==== Source material

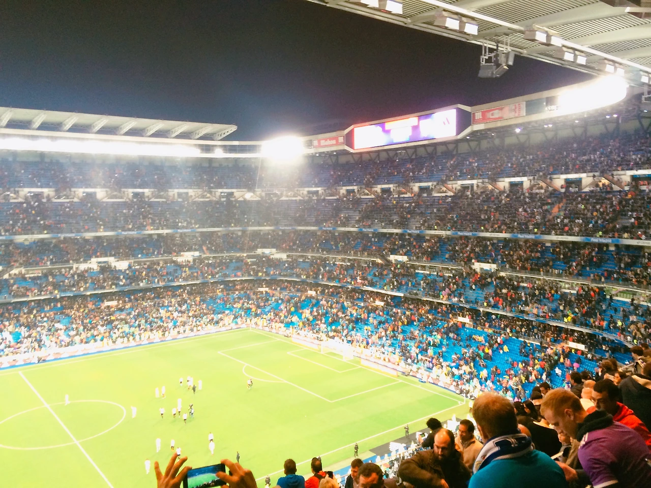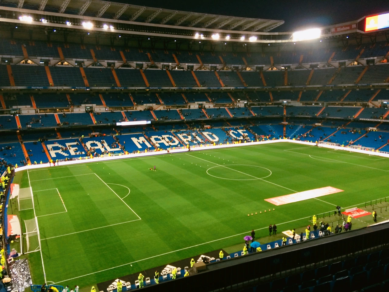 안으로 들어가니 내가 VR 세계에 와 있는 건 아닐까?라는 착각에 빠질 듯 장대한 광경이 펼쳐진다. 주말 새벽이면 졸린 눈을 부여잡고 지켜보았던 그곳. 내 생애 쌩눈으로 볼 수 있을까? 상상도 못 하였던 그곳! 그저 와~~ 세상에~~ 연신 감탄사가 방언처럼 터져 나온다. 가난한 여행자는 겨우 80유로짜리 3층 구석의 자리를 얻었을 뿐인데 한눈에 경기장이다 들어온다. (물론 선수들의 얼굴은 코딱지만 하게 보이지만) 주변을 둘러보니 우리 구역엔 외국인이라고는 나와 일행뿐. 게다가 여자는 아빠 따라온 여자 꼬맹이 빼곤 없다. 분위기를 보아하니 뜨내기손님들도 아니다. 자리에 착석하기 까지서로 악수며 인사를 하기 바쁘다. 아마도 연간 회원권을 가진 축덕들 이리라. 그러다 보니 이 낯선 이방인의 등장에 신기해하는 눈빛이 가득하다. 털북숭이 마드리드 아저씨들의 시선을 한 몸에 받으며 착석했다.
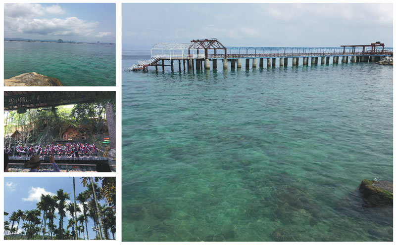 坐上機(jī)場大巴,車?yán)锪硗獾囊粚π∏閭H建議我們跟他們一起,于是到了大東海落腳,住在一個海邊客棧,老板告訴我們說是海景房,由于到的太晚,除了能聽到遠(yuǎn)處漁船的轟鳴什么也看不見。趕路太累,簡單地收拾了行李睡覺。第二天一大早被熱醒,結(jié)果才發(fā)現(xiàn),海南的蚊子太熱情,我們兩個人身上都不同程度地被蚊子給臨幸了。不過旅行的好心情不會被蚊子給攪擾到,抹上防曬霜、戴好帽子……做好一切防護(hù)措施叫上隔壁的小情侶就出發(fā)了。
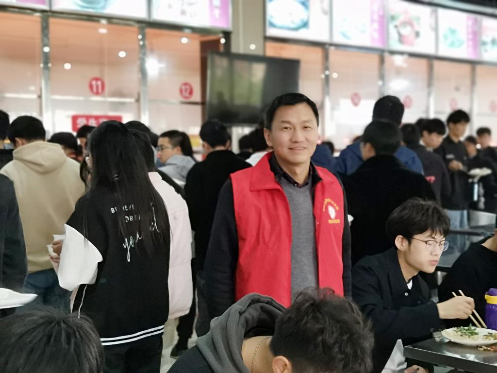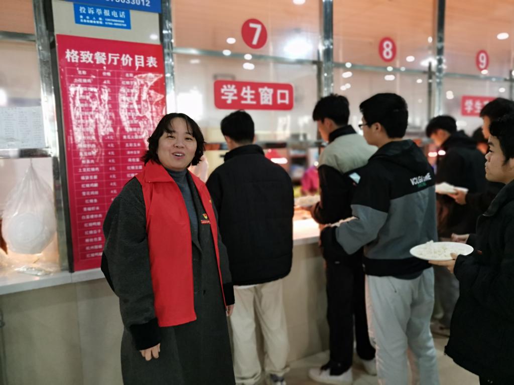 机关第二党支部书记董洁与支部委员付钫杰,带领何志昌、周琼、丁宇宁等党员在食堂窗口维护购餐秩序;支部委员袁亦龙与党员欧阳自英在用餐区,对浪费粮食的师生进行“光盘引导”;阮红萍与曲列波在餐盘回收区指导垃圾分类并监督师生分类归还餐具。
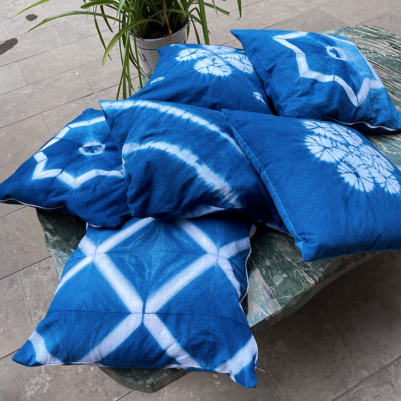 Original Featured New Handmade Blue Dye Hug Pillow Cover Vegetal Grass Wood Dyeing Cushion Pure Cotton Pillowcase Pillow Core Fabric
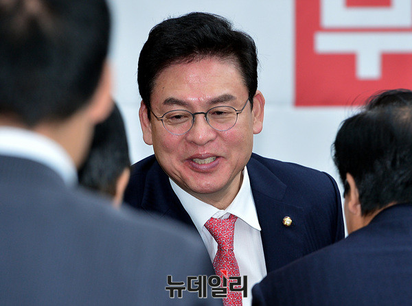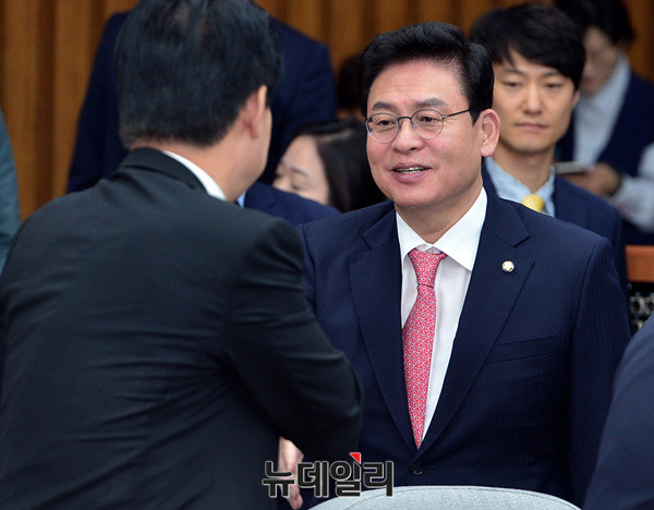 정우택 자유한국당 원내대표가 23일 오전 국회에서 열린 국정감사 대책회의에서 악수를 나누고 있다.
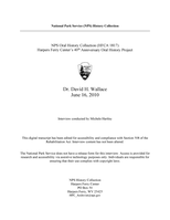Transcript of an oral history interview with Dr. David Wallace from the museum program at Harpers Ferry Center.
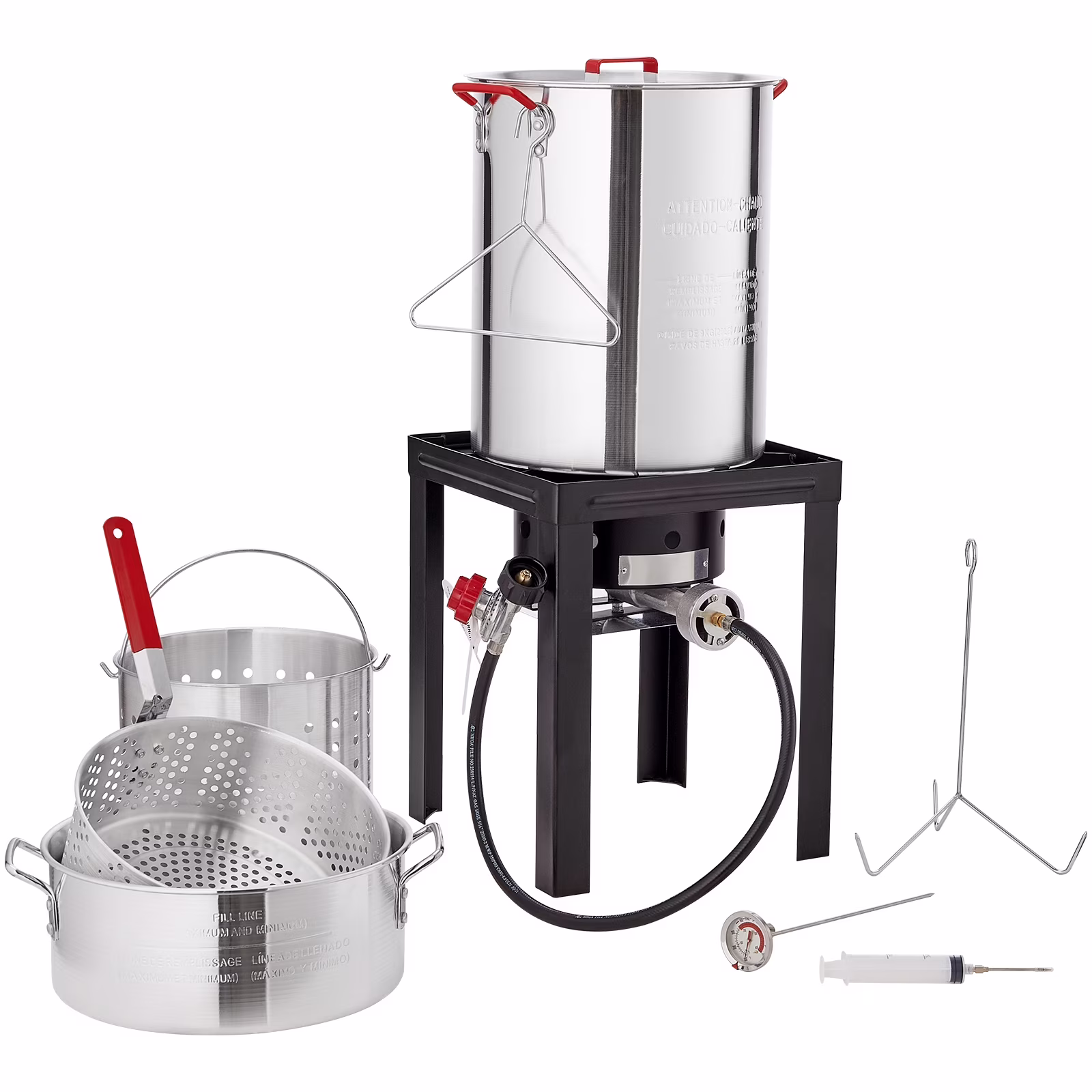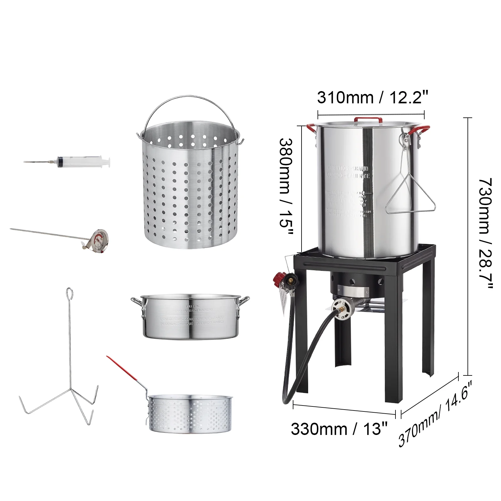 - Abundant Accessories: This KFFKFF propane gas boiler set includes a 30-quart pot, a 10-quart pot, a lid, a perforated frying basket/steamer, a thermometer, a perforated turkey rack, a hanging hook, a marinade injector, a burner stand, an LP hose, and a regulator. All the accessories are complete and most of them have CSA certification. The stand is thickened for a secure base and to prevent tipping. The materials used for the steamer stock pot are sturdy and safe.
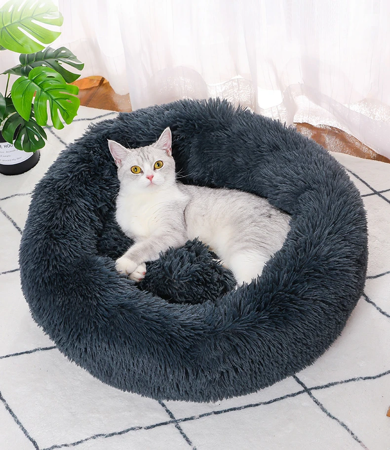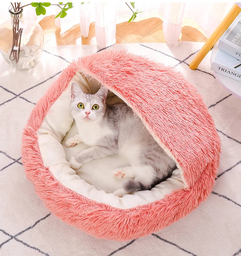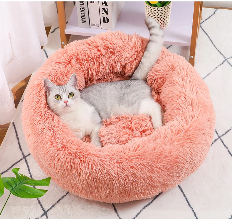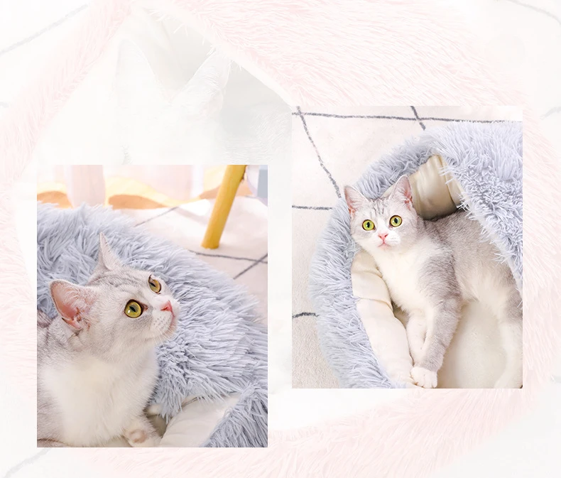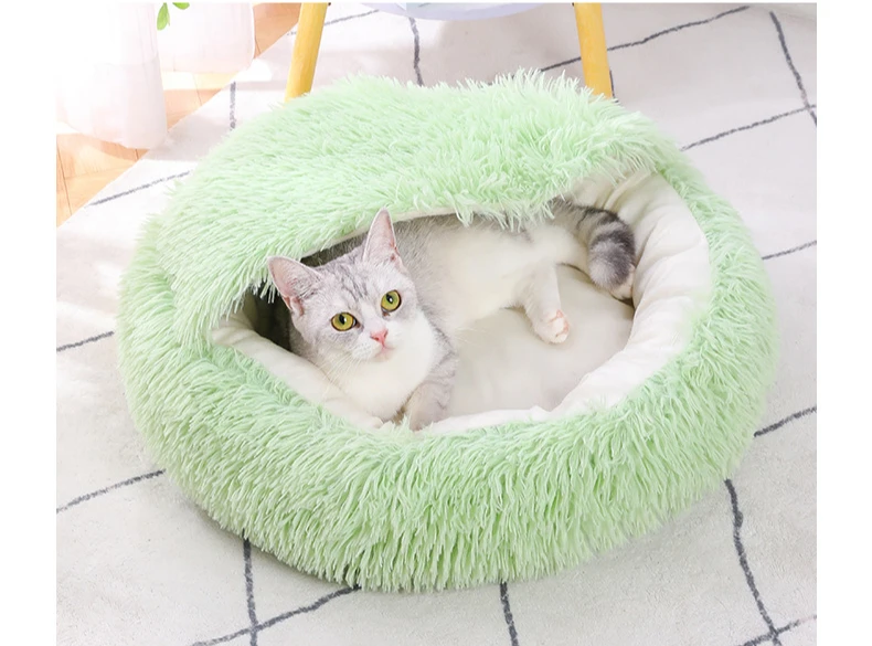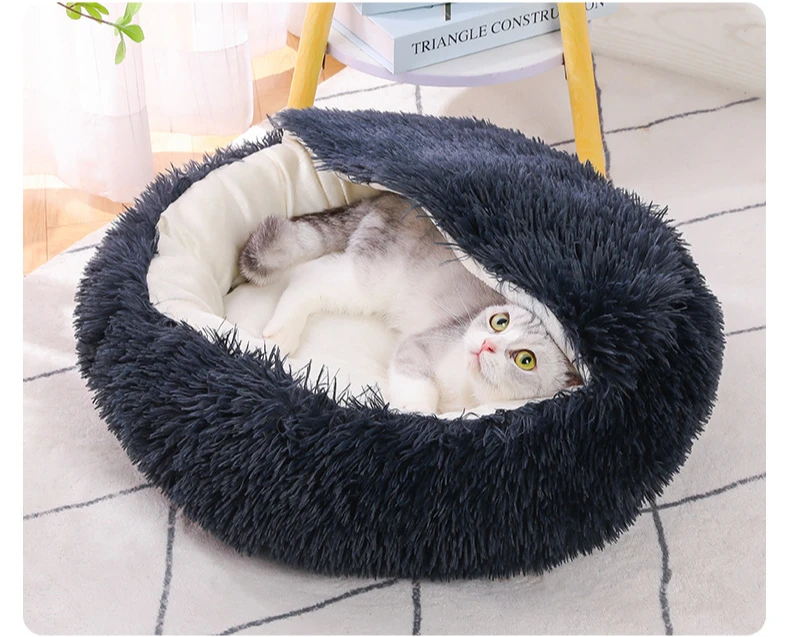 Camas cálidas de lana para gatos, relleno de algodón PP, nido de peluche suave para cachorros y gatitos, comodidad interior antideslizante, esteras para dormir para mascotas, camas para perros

========

= Task requirements =
Reproduce the data above word for word and omit the images.

= Answer for this exercise =
 안으로 들어가니 내가 VR 세계에 와 있는 건 아닐까?라는 착각에 빠질 듯 장대한 광경이 펼쳐진다. 주말 새벽이면 졸린 눈을 부여잡고 지켜보았던 그곳. 내 생애 쌩눈으로 볼 수 있을까? 상상도 못 하였던 그곳! 그저 와~~ 세상에~~ 연신 감탄사가 방언처럼 터져 나온다. 가난한 여행자는 겨우 80유로짜리 3층 구석의 자리를 얻었을 뿐인데 한눈에 경기장이다 들어온다. (물론 선수들의 얼굴은 코딱지만 하게 보이지만) 주변을 둘러보니 우리 구역엔 외국인이라고는 나와 일행뿐. 게다가 여자는 아빠 따라온 여자 꼬맹이 빼곤 없다. 분위기를 보아하니 뜨내기손님들도 아니다. 자리에 착석하기 까지서로 악수며 인사를 하기 바쁘다. 아마도 연간 회원권을 가진 축덕들 이리라. 그러다 보니 이 낯선 이방인의 등장에 신기해하는 눈빛이 가득하다. 털북숭이 마드리드 아저씨들의 시선을 한 몸에 받으며 착석했다.
 坐上機(jī)場大巴,車?yán)锪硗獾囊粚π∏閭H建議我們跟他們一起,于是到了大東海落腳,住在一個海邊客棧,老板告訴我們說是海景房,由于到的太晚,除了能聽到遠(yuǎn)處漁船的轟鳴什么也看不見。趕路太累,簡單地收拾了行李睡覺。第二天一大早被熱醒,結(jié)果才發(fā)現(xiàn),海南的蚊子太熱情,我們兩個人身上都不同程度地被蚊子給臨幸了。不過旅行的好心情不會被蚊子給攪擾到,抹上防曬霜、戴好帽子……做好一切防護(hù)措施叫上隔壁的小情侶就出發(fā)了。
 机关第二党支部书记董洁与支部委员付钫杰,带领何志昌、周琼、丁宇宁等党员在食堂窗口维护购餐秩序;支部委员袁亦龙与党员欧阳自英在用餐区,对浪费粮食的师生进行“光盘引导”;阮红萍与曲列波在餐盘回收区指导垃圾分类并监督师生分类归还餐具。
 Original Featured New Handmade Blue Dye Hug Pillow Cover Vegetal Grass Wood Dyeing Cushion Pure Cotton Pillowcase Pillow Core Fabric
 정우택 자유한국당 원내대표가 23일 오전 국회에서 열린 국정감사 대책회의에서 악수를 나누고 있다.
Transcript of an oral history interview with Dr. David Wallace from the museum program at Harpers Ferry Center.
 - Abundant Accessories: This KFFKFF propane gas boiler set includes a 30-quart pot, a 10-quart pot, a lid, a perforated frying basket/steamer, a thermometer, a perforated turkey rack, a hanging hook, a marinade injector, a burner stand, an LP hose, and a regulator. All the accessories are complete and most of them have CSA certification. The stand is thickened for a secure base and to prevent tipping. The materials used for the steamer stock pot are sturdy and safe.
 Camas cálidas de lana para gatos, relleno de algodón PP, nido de peluche suave para cachorros y gatitos, comodidad interior antideslizante, esteras para dormir para mascotas, camas para perros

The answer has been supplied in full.